- _Exercise aim_:
Using the data below, output a verbatim copy of the lines between the one holding "Москва. 18 сентября." and the one holding "FlyBe Dash8-Q400 G-JECG", inclusive, without any pictures.

- _Dataset extract_:
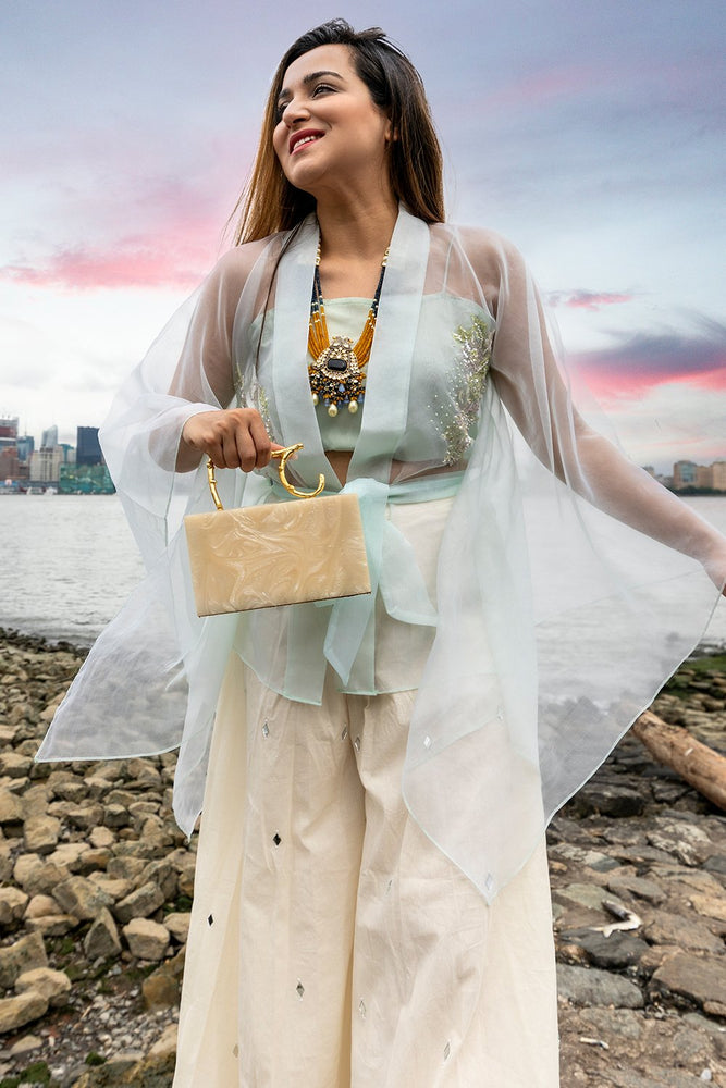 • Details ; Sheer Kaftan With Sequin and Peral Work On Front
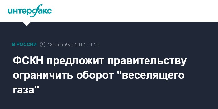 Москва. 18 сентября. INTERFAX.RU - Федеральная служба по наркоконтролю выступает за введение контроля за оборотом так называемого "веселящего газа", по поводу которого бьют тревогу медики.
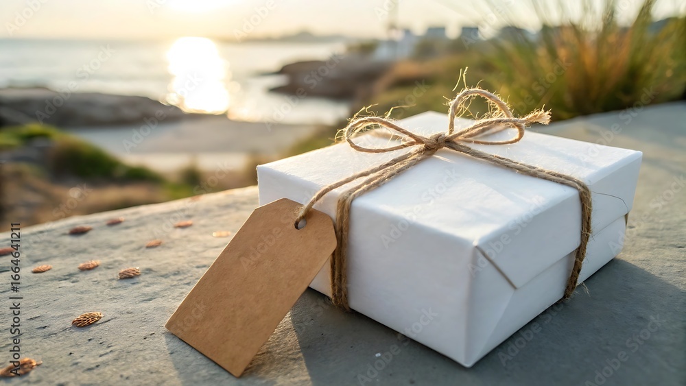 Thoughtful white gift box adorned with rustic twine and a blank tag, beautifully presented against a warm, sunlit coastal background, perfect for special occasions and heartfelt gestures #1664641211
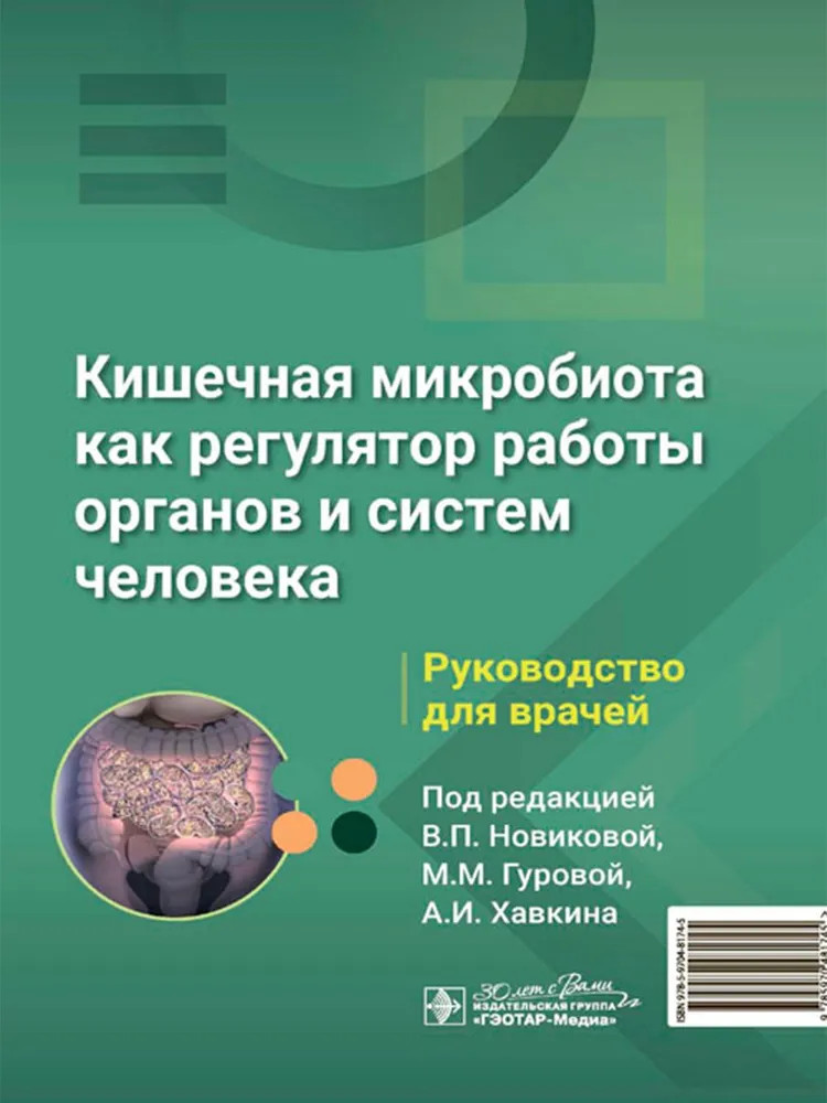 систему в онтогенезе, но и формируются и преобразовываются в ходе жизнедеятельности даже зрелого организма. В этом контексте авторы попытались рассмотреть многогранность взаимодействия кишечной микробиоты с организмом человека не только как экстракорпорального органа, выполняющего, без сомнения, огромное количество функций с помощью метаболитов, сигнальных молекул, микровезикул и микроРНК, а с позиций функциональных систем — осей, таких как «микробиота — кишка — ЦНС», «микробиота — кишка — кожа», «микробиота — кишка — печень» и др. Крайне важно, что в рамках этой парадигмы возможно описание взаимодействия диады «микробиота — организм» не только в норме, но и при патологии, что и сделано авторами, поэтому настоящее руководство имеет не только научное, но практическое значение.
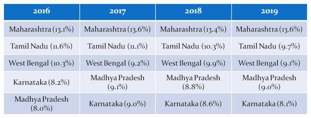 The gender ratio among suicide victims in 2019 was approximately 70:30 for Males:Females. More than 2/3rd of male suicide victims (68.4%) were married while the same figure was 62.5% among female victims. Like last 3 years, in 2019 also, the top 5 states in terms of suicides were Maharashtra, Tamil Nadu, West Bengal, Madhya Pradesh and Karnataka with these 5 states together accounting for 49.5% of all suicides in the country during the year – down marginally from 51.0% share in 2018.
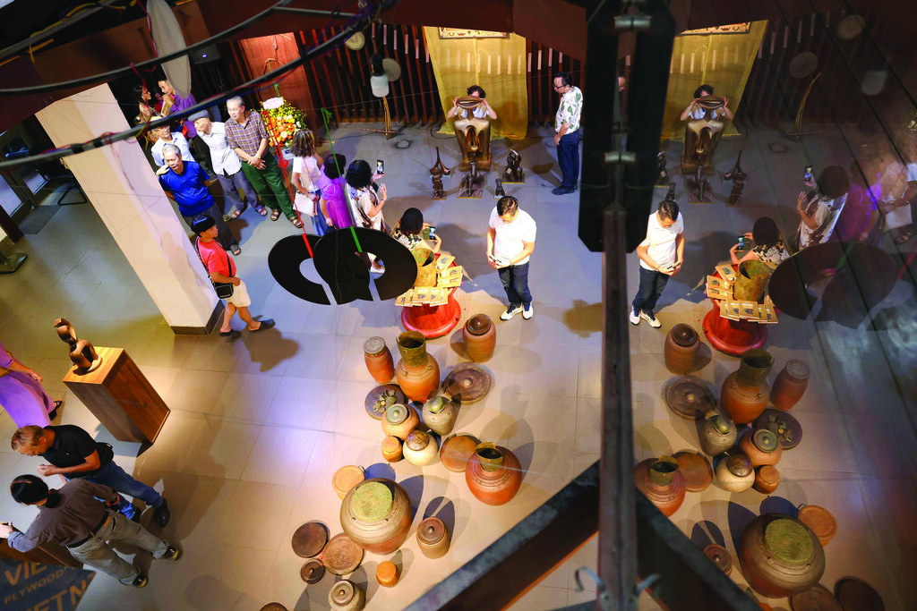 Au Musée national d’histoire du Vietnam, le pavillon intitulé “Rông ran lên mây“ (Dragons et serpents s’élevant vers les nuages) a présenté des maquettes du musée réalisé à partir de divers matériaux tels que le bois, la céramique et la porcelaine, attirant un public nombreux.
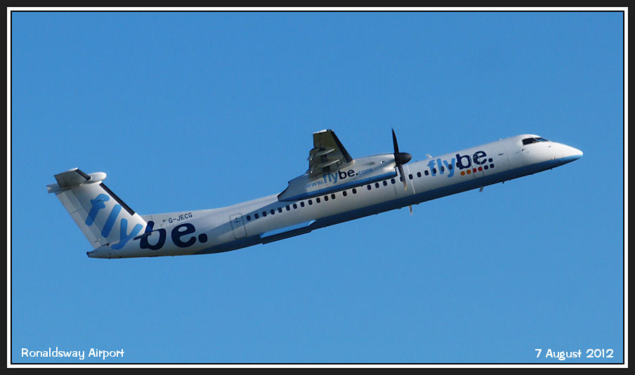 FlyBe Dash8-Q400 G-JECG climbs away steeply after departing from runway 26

* * *

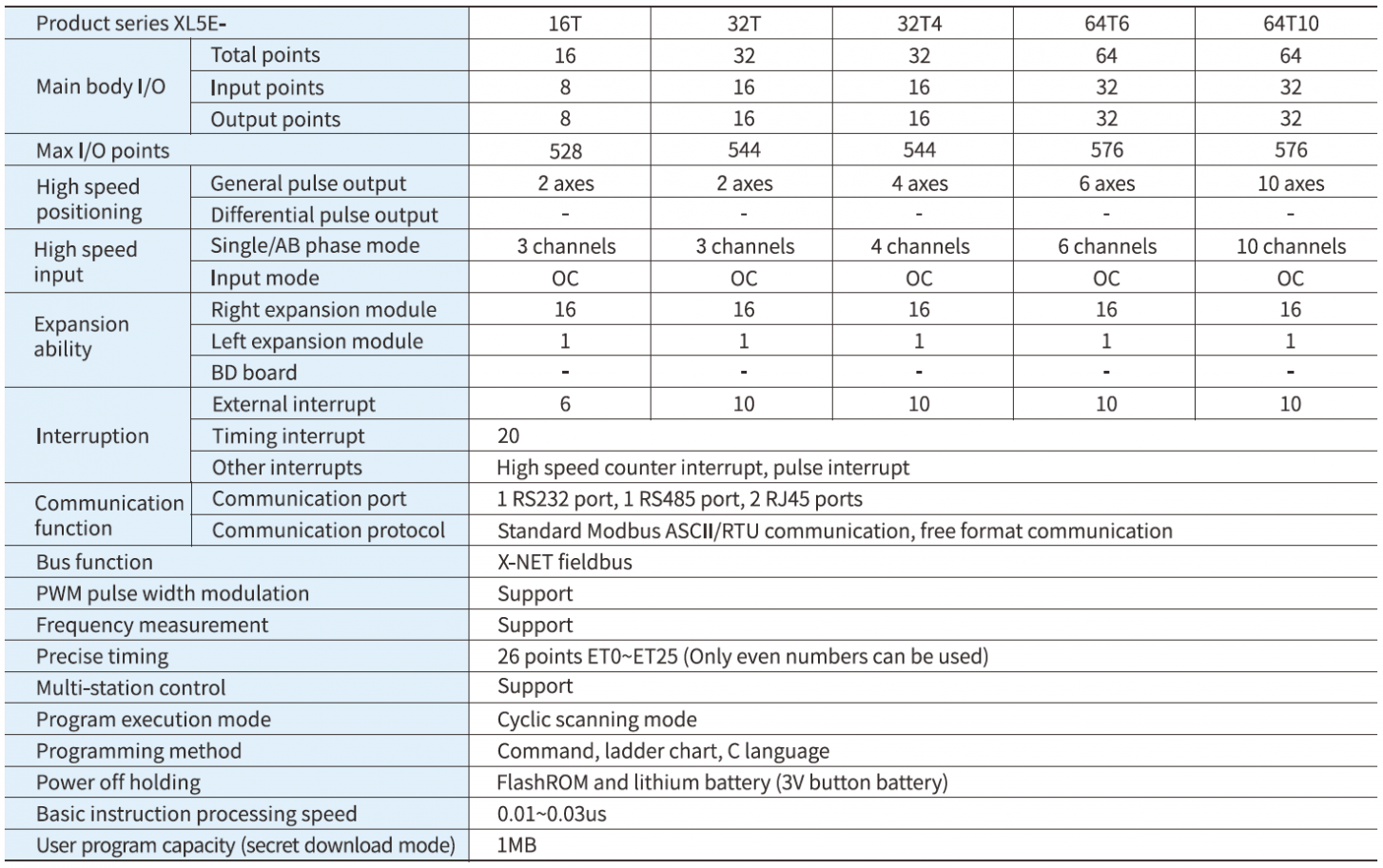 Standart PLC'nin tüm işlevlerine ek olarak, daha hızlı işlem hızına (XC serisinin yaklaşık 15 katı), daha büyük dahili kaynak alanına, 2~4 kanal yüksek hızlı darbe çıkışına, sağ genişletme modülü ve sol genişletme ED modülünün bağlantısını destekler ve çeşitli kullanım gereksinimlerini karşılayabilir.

==

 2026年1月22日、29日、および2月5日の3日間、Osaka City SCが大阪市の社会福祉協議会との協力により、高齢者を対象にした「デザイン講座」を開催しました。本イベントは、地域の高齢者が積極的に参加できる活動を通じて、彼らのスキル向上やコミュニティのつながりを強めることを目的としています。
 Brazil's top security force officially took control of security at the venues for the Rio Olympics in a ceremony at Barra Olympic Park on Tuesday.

- _Task response_:
 Москва. 18 сентября. INTERFAX.RU - Федеральная служба по наркоконтролю выступает за введение контроля за оборотом так называемого "веселящего газа", по поводу которого бьют тревогу медики.
 Thoughtful white gift box adorned with rustic twine and a blank tag, beautifully presented against a warm, sunlit coastal background, perfect for special occasions and heartfelt gestures #1664641211
 систему в онтогенезе, но и формируются и преобразовываются в ходе жизнедеятельности даже зрелого организма. В этом контексте авторы попытались рассмотреть многогранность взаимодействия кишечной микробиоты с организмом человека не только как экстракорпорального органа, выполняющего, без сомнения, огромное количество функций с помощью метаболитов, сигнальных молекул, микровезикул и микроРНК, а с позиций функциональных систем — осей, таких как «микробиота — кишка — ЦНС», «микробиота — кишка — кожа», «микробиота — кишка — печень» и др. Крайне важно, что в рамках этой парадигмы возможно описание взаимодействия диады «микробиота — организм» не только в норме, но и при патологии, что и сделано авторами, поэтому настоящее руководство имеет не только научное, но практическое значение.
 The gender ratio among suicide victims in 2019 was approximately 70:30 for Males:Females. More than 2/3rd of male suicide victims (68.4%) were married while the same figure was 62.5% among female victims. Like last 3 years, in 2019 also, the top 5 states in terms of suicides were Maharashtra, Tamil Nadu, West Bengal, Madhya Pradesh and Karnataka with these 5 states together accounting for 49.5% of all suicides in the country during the year – down marginally from 51.0% share in 2018.
 Au Musée national d’histoire du Vietnam, le pavillon intitulé “Rông ran lên mây“ (Dragons et serpents s’élevant vers les nuages) a présenté des maquettes du musée réalisé à partir de divers matériaux tels que le bois, la céramique et la porcelaine, attirant un public nombreux.
 FlyBe Dash8-Q400 G-JECG climbs away steeply after departing from runway 26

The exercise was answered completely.